Вот, к сожалению, я не знаю, какую информацию уже удалось собрать. Собирает ведь ее украинская сторона. Мы вернулись (в Россию) 9 ноября, в этих числах в Украине было возбуждено уголовное дело (в рамках которого эти доказательства должны быть собраны), но что они успели сделать за неделю, я не знаю.
А разве у вас нет коммуникации с украинской стороной, с кем общаетесь, каков механизм обмена информацией?
Коммуникация устроена в соответствии с Конвенцией о правовой помощи. Соответственно, российская сторона должна обратиться за правовой помощью, а украинская сторона эту помощь оказать. Российская сторона в лице следствия обратилась к украинской еще в июле 2015 года, но украинская сторона тогда ничего не собрала и дело в отношении Николая было закрыто. Вот и все. И вот сейчас фактически нужно собрать доказательства (непричастности Клыха и Карпюка к инкриминируемым им в РФ преступлениям), передать их в Генпрокуратуру Украины для того, чтобы она передала эти материалы в Генпрокуратуру РФ. А мы уже здесь подаем ходатайства, чтобы суд собрал эти предоставленные доказательства.
Почему Генпрокуратура Украины не предоставляет материалы коллегам в Россию?
У меня такое ощущение, что они (Генпрокуратура Украины) вообще ничего не делали до 9 ноября, вообще ничего. Нет ответа на вопрос почему. 7 ноября мы встречались с ними всеми, я имею в виду представителей Генпрокуратуры, МИДа, СБУ и МВД. Я им всем сказала о том, что люди, которые сидят в городе Грозный, искренне не понимают, почему до сих пор не собраны доказательства их невиновности. Ведь эти доказательства есть, что эти люди никогда в Чечне не были. Честно говоря, они мне тоже ничего внятного не ответили.
Что может служить такими доказательствами?
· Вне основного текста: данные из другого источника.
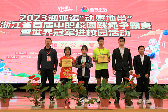 據悉,紹興分站賽主要分為男女30秒單搖跳、男女1分鐘1帶1跳,3分鐘10人長繩“8”字跳、1分鐘10人同步跳,以及花樣繩操固定套路,共七個比賽項目,來自紹興市中職學校9支代表隊的近300名選手開啟了角逐。比賽采用全國運動推廣中心審定的最新《2018-2021年全國跳繩競賽規則》,各單項均采用預決賽同場制,據了解,本次爭霸賽成績優異的運動員將參加6月1日、2日在杭州舉行的全省總決賽。(姚燕陶)
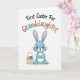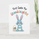 This card features a gentle digital illustration of an upright bunny in soft periwinkle blue, with pink inner ears, rosy cheeks, and a small smile that feels like it’s meant for someone close 🐰. Its paws are neatly clasped at the center, giving it a shy, affectionate posture, as if it’s posing for a loved one. To the bunny’s left sits a small, pale woven basket filled with brightly colored eggs in red, green, gold, and purple, some with light stripes for extra detail 🌷. Across the top, the words “First Easter For” appear in dark, flowing lettering, placed above the character with plenty of white space around it. Just below that, “Granddaughter” curves in an arc, with each letter in a different pastel shade like orange, green, blue, and red, each lightly outlined so it stands out. The background stays plain white, making the soft fur texture, shiny egg colors, and gentle facial expression easy to notice. The basket rests slightly forward of the bunny’s feet, and the eggs peek over the rim in a tidy cluster.
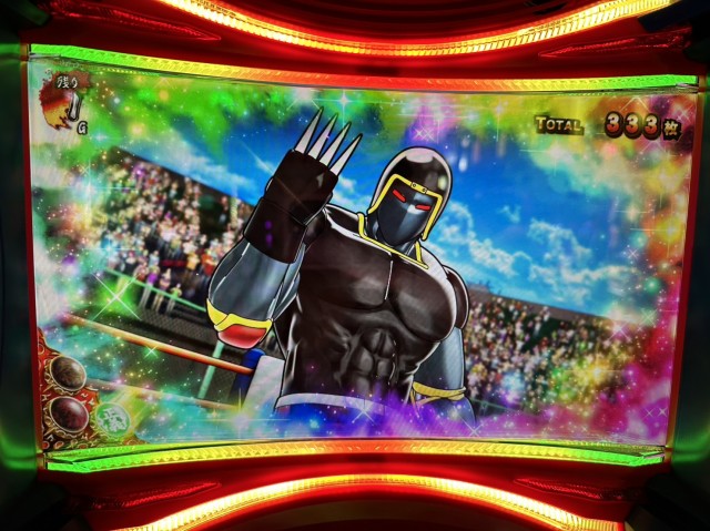 上位ATはあっさり終了して300枚ぐらいしか増えなかった。さらに引き戻しゾーンでは悪魔将軍バトルにすら突入せず通常時に戻った。
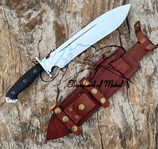 Custom Handmade Bowie Knife – Carbon Steel Blade with G10 Handle & Leather Sheath
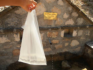 Но это еще не все! Я заприметила пологий склон и на следующий день решила полезть и взять эту упрямую вершину. Но сначала надо было запастись водой. Пошла к источнику, но забыла бутылку. Возвращаться было далеко, придумала набрать воду в пакет. Завернула дважды, прикрепила внутри рюкзака вместо системы.
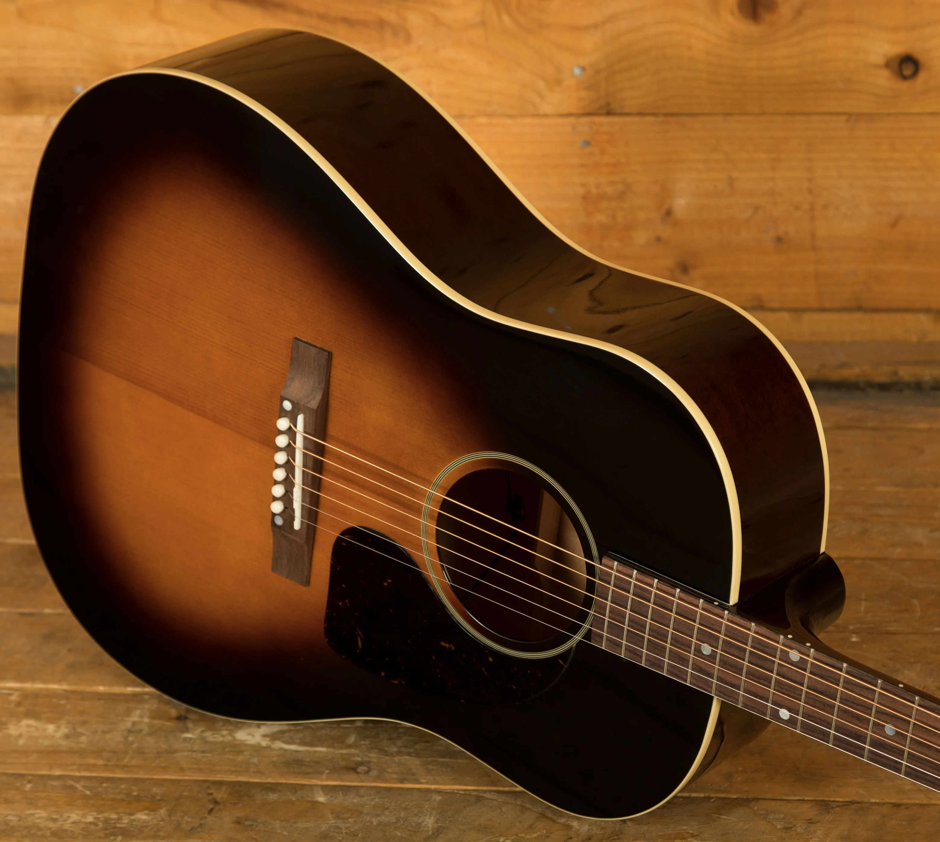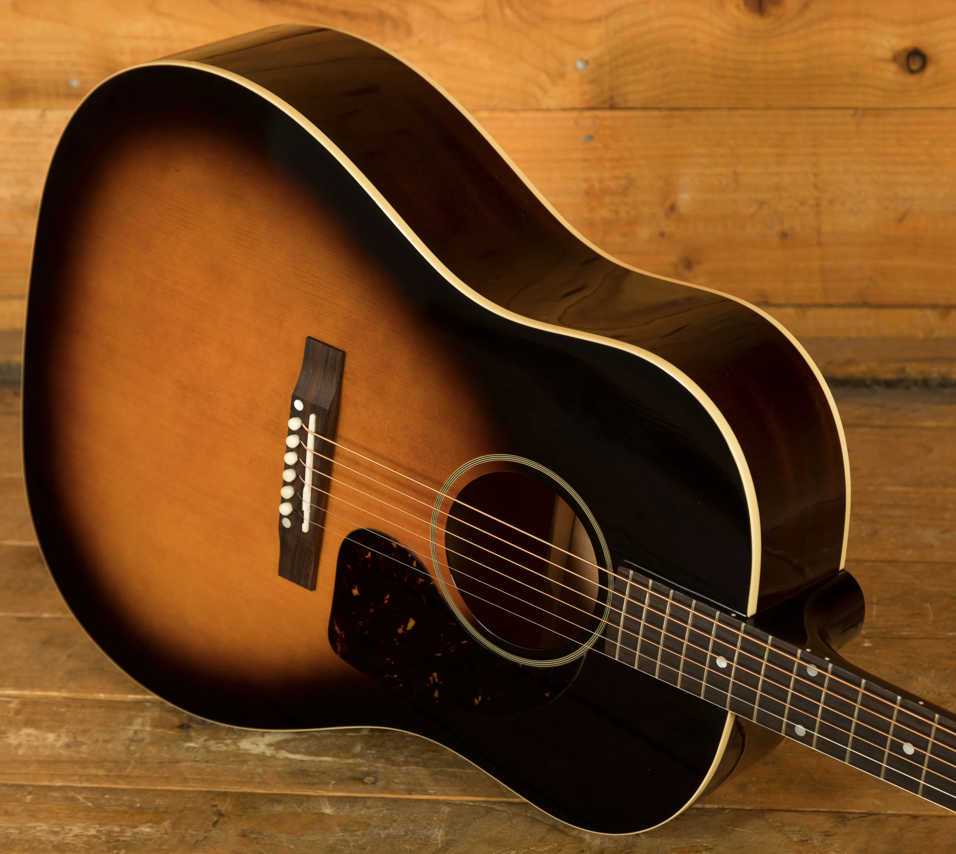 The Gibson J-45 first appeared in 1942, and guitars from that original production year are amongst the most prized vintage acoustics worldwide. As Gibson’s best-selling acoustic model ever, the J-45 quickly gained the nickname “The Workhorse” for its straightforward design, timeless elegance, and reliable performance on stages and in studios around the globe.
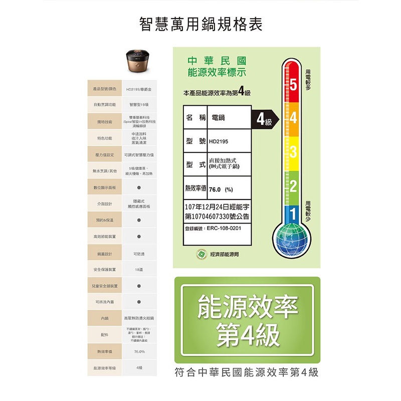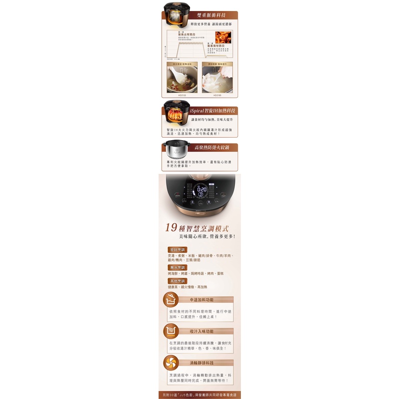 【贈HD2779 不鏽鋼內鍋+HR2291+廚具七件組】飛利浦PHILIPS 雙重溫控智慧萬用鍋-金小萬-HD2195
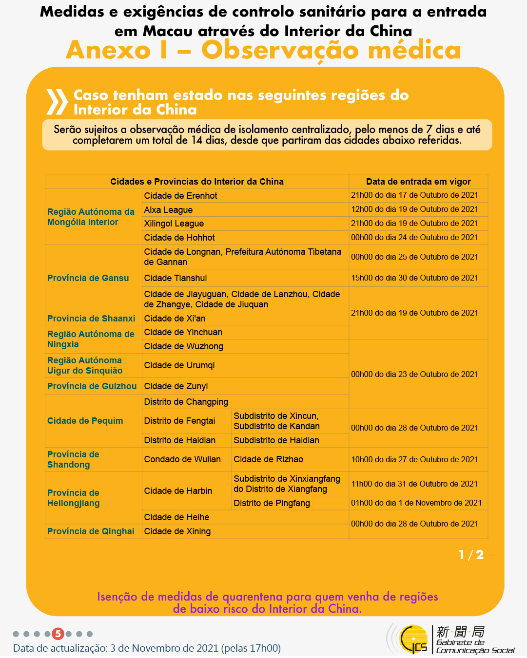 (Infografia)Medidas e exigências de controlo sanitário para a entrada em Macau de indivíduos de diferentes identidades, actualizadas no dia 5 de Novembro de 2021

Показания свидетелей. Совершенно разных людей. Николай Карпюк был на то время (на середину 90-х) достаточно зрелым политиком, он выступал в местных газетах, давал интервью, выступал на собраниях. К примеру, он ведь и Новый год со своими друзьями встречал, этому тоже есть свидетельства. Есть ведь люди, которые его видели в городе Киеве и в городе Ровно, которые могут подтвердить обстоятельства. К примеру, он хоронил свою маму в марте 1995 года, соответственно, должны быть свидетели этого события. Естественно, должны быть протоколы допросов свидетелей, которые должны быть предупреждены за уголовную ответственность за дачу заведомо ложных показаний. Что касается Станислава, то он учился в университете. Есть ведь его одногруппники, однокурсники, которые могут подтвердить, что он каждый день сидел на занятиях и ни в какую Чечню не ездил.
А на вас напрямую его однокурсники и одногруппники не пытались выйти, ведь наверняка у Станислава были университетские друзья, готовые помочь ему?
Во всяком случае, ко мне лично никто не пытался обратиться по этому поводу.
Вы также публично просили Арсения Яценюка дать свидетельские показания. Каким способом он может это сделать?
Так же, как и любой другой гражданин Украины. Он должен сказать, что тогда был в таком то месте и в такое время, знал, или не знал он Николая и Станислава, да и вообще, что в Чечне никогда не был. Все. Дата и подпись.
Почему вы уверены, что российское правосудие отреагирует на такие показания Яценюка?
Уверенность от меня не зависит. Но есть УПК (Уголовно-процессуальный кодекс), в котором прописан механизм получения доказательств за пределами Российской Федерации. Вот и все.
Станислав и Николай демонстрировали следы на теле, которые, по их словам, свидетельствуют о пытках. Исходя из вашей практики, насколько реально будет доказать, что это действительно следы пыток?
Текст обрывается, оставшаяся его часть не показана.